Esprit Holdings Ltd posted second-half profit that missed analyst forecasts and said a slowing Chinese economy and lingering euro zone problems continue to pose risks to its business, briefly sending its shares more than 8 percent lower.
Esprit, which sells everything from bed sheets to jeans and generates three-quarters of its sales in Europe, has been trying to restructure its retail business as sales slow, but the company said on Wednesday that any further deterioration in the global economy would impact its transformation plan and ultimately its earnings.
The retailer in August hired Jose Manuel Martínez Gutiérrez, an executive from Zara owner Inditex, as its new chief executive in a bid to reassure investors about its restructuring drive following uncertainty created by a management reshuffle. Martínez took up his post on Wednesday.
“Investors are still in doubt over whether the transformation plan can be a success, given the company is still facing a lot of challenges and uncertainties,” said Steven Leung, a sales director at UOB Kay Hian. “They hope the new CEO can help speed up the process.”
Esprit, which competes with Swedish clothing retailer Hennes & Mauritz AB and Spain’s Inditex, posted a net profit of HK$318 million ($41 million) for its second half ended in June, compared with a HK$2.06 billion loss a year earlier, based on Reuters’ calculations.
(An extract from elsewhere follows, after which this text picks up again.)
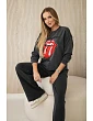 Táto súprava zo spranej bavlny s potlačou, ktorá pozostáva z mikiny a nohavíc, je štýlovou a pohodlnou voľbou na každodenné nosenie. Je vyrobená z mäkkej, vysokokvalitnej bavlny a zaručuje pohodlie pri celodennom nosení. Obnosený efekt dodáva súprave módny, mierne vintage charakter a potlač jej dodáva jedinečný štýl. Mikina voľného strihu sa dokonale hodí ku nohaviciam, ktoré majú pohodlný elastický pás a poskytujú voľnosť pohybu. Táto súprava je ideálna na relaxáciu doma, ako aj na bežné výlety a vytvára módny a pohodlný vzhľad. Veľkosť je univerzálna a bude vhodná pre ženy, ktoré nosia veľkosť S, M alebo L.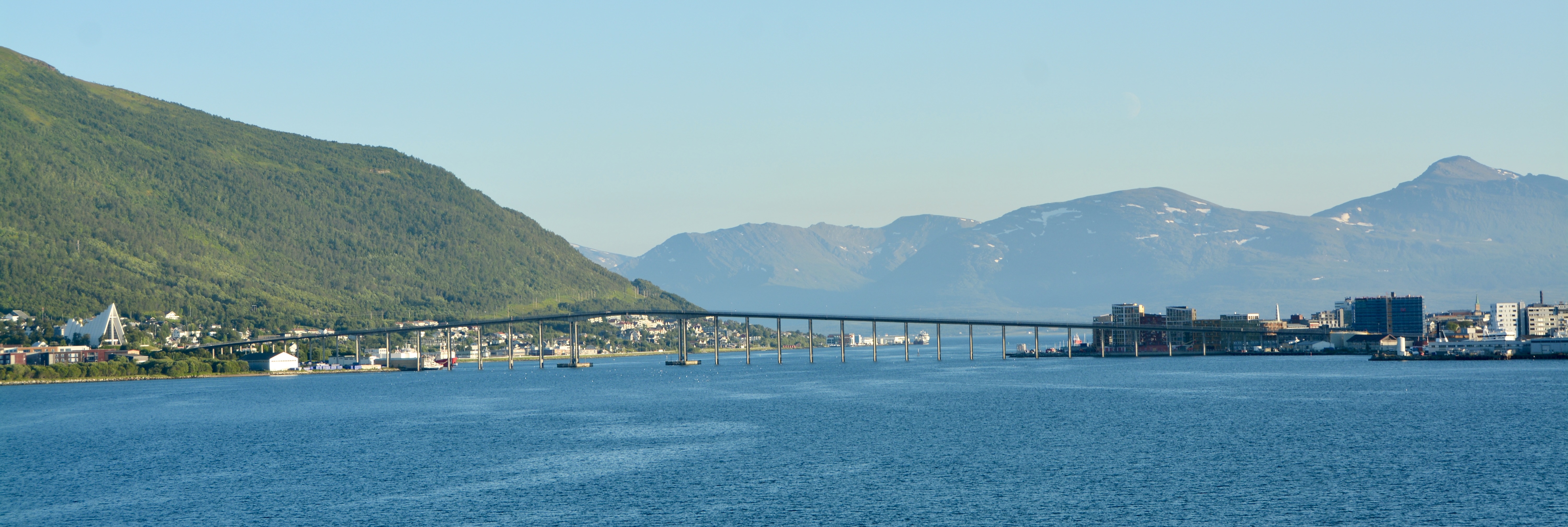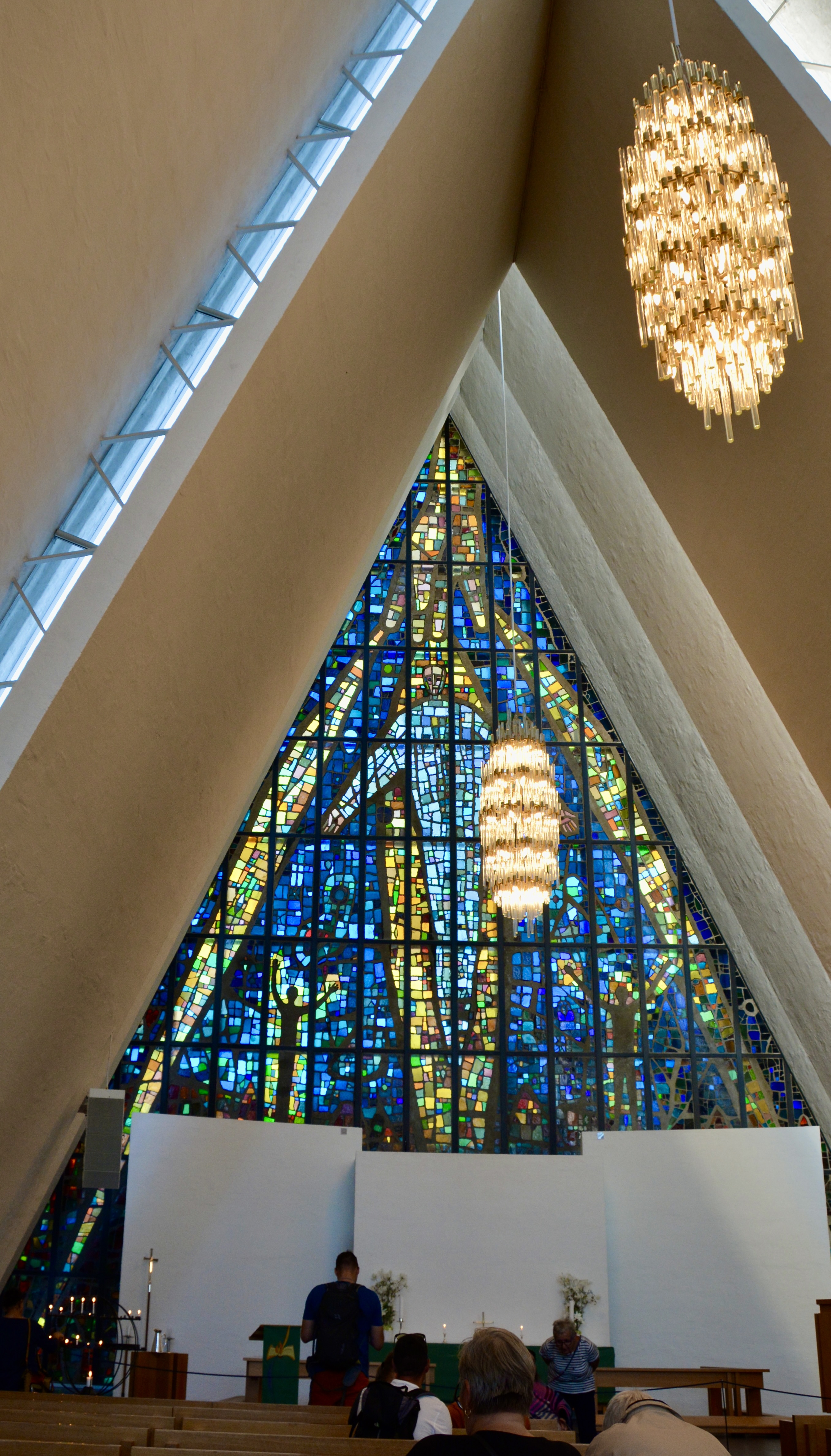 We decided to first take the walk over to the Arctic Cathedral, not to be confused with the city’s Catholic Cathedral or the Cathedral of the Church of Norway in the center of town that was closed this afternoon. The Arctic Cathedral is off island and just over a mile from the shuttle’s drop off point in town. What we hadn’t factored in was the incline when crossing the bridge. It was a challenging walk. The bridge was under construction so there was no vehicular traffic unless you count the bicycles which went along the opposite side. The pathway was only wide enough for two people going opposite directions to cross each other.

That missed an average forecast of HK$455 million according to a survey of 10 analysts by Reuters.
Martínez was until recently group director of distribution and operations at Inditex and news of his appointment last month had driven Esprit’s shares on Aug. 7 to their biggest one-day gain in 14 years.
One of the many challenges he faces is to boost Esprit’s retail presence and revive its brand at a time of economic uncertainty in Europe and a slowdown in China.
PROFIT LAGS FORECASTS
For the full fiscal year, Esprit reported a net profit of HK$873 million ($112.6 million), missing the average estimate of HK$1.01 billion in the poll of 10 analysts.
The result was higher than the HK$79 million profit posted a year earlier when the company took a one-time charge of HK$2.3 billion to set aside provisions for the closure of stores.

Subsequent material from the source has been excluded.